Japan's militarists pose a case in point. There's no shortage of foreign media report when ludicrous denials are made about issues like the Nanjing Massacre and comfort women, or when war-criminals are glorified at Yasukuni Shrine, but attention should also be paid to Japan's ongoing argument with itself.
The latest domestic flare-up is between Japanese defenders and detractors of Japan's "Peace Constitution", known as such for its war-renouncing clause. The 1947 Constitution was conceived under US guidance as an antidote to militarism, and it remains in force today, a remarkable testament to both its peaceful vision and practical durability.
On one hand, you have the gentle and reclusive Hayao Miyazaki, anime auteur extraordinaire and Japan's answer to Walt Disney, who broke with his characteristic reticence to state: "Taking advantage of low voter turnout and changing the Constitution without giving it serious thought is unacceptable. I am against it."

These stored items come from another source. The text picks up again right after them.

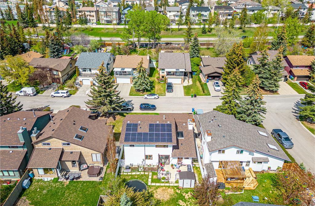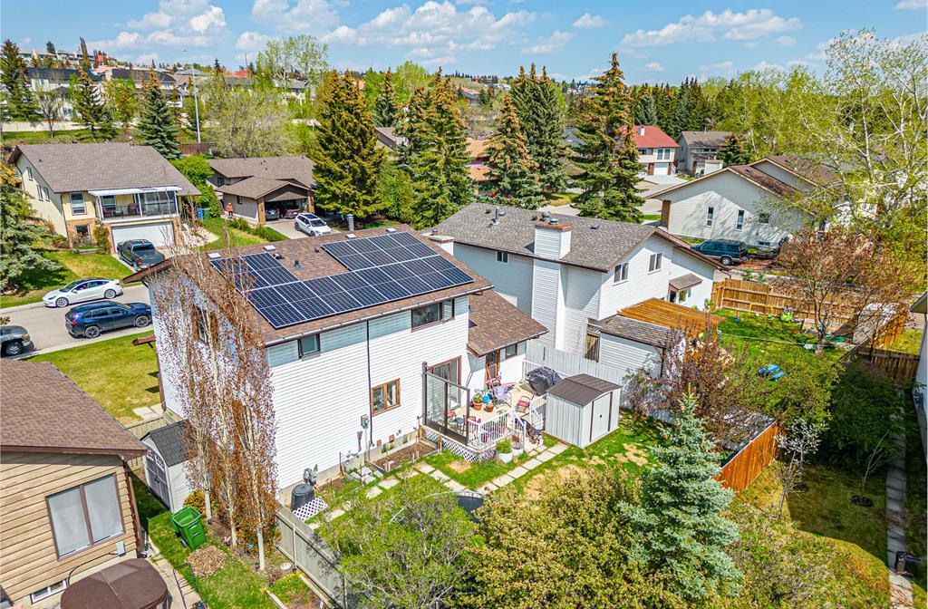 Welcome to your new home in the beautiful community of Ranchlands! This stunning property is waiting for you to make it your own, with 4 spacious bedrooms, 3.5 large bathrooms, almost 3000 sq. ft. of developed living space, and a full 16-panel solar system plus its wired for an an electric Tesla EV charger in the garage, making it the perfect choice for families of any size. The main floor of this home boasts a bright and airy front living room, complete with large windows that let in plenty of natural light. You'll love the way the space flows effortlessly into the formal dining room and spacious kitchen, complete with quartz countertops, upgraded tile backsplash, additional dining space and backyard access. Enjoy the convenience of a 2pc. bathroom and laundry room/mud room on the main level, as well as an additional living room with soaring vaulted ceilings, a cozy fireplace, and built-in bookcases. Upstairs, you'll find newer windows, a full bathroom and 4 generously sized bedrooms, including the primary bedroom with 2 closets and its own luxurious ensuite bathroom. The lower level of this home is just as impressive, with a large recreation room and ample storage space including a new furnace & tankless hot water from Nov 2022. You'll love the convenience of a double attached garage and a beautiful, fully fenced yard with a large composite low-maintenance deck, that's perfect for summer relaxation. This home is situated in an unbeatable location, just minutes away from Crowfoot Crossing, which boasts a wide range of shops, restaurants, and amenities. You'll also enjoy easy access to parks, schools, the YMCA, the Crowfoot Public Library, public transit, and C-train, as well as easy access to Crowchild Tr and Stoney Trail. Don't miss your chance to make this stunning property your new home. Welcome home! (id:22211)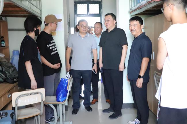 南京财经大学桥头校区管委会主任、学院党委书记孙彬,院长李连军到学生宿舍看望新生及家长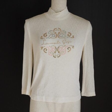 伊太利屋のカットソーを出張買取ご利用のお客様より買取しました。キュートなラインストーンが適度に煌めいて輝きをアップさせてくれます。ラフなお洋服を着つつキラキラ感を加えたい方にぴったりです。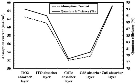 Figure 15 clarifies the substrate absorption current and quantum efficiency versus the different absorber layer structures. The substrate absorption current and quantum efficiency were 62.5 mA/cm2 and 93%, respectively, in the case of the TiO2 absorber layer. The substrate absorption current and quantum efficiency were 61 mA/cm2 and 91%, respectively, in the case of the ITO absorber layer. The substrate absorption current and quantum efficiency were 52 mA/cm2 and 78%, respectively, in the case of the CdTe absorber layer. The substrate absorption current and quantum efficiency were 52 mA/cm2 and 78%, respectively, in the case of the CdTe absorber layer. The substrate absorption current and quantum efficiency were 53 mA/cm2 and 80%, respectively, in the case of the CdS absorber layer.

On the other hand, you have Japan's Deputy Prime Minister Taro Aso, tough-talking political blueblood so impatient to revise the Constitution that he carelessly invoked the Nazi perfidy of changing the Weimar Constitution before people realized what was going on, saying: "Why don't we learn from that method?"
The two latest salvos cut to the quick in the battle for the hearts and minds of Japan in this moment of national disquiet. It's an argument between those who find strength in peace versus those who find strength in war, a battle between the better and lesser angels of Japan's sometimes militaristic nature.
Aso and Miyazaki hail from the same generation, born just months apart at a time when Imperial Japan was at war with China and gearing up for daring attacks on Pearl Harbor and other ports across Asia.
Although both men were mere toddlers during the Pacific War, seven decades later it continues to haunt them. Tokyo-born Miyazaki was left with a life-long fascination for airplanes - tales of daring aviators and social breakdown are repeating themes in his work.
The provincial Aso, who was a crack shot with the rifle as a youth, a shooter in the 1976 Olympics and something of a Yasukuni crackpot in old age, had a career trajectory shaped by the guiding hands of an elite family with links to both war criminals and postwar elite. The family enterprise Aso Cement, which he helmed in the 1970s, had a history of exploiting Allied prisoners of war for unpaid slave labor during the war.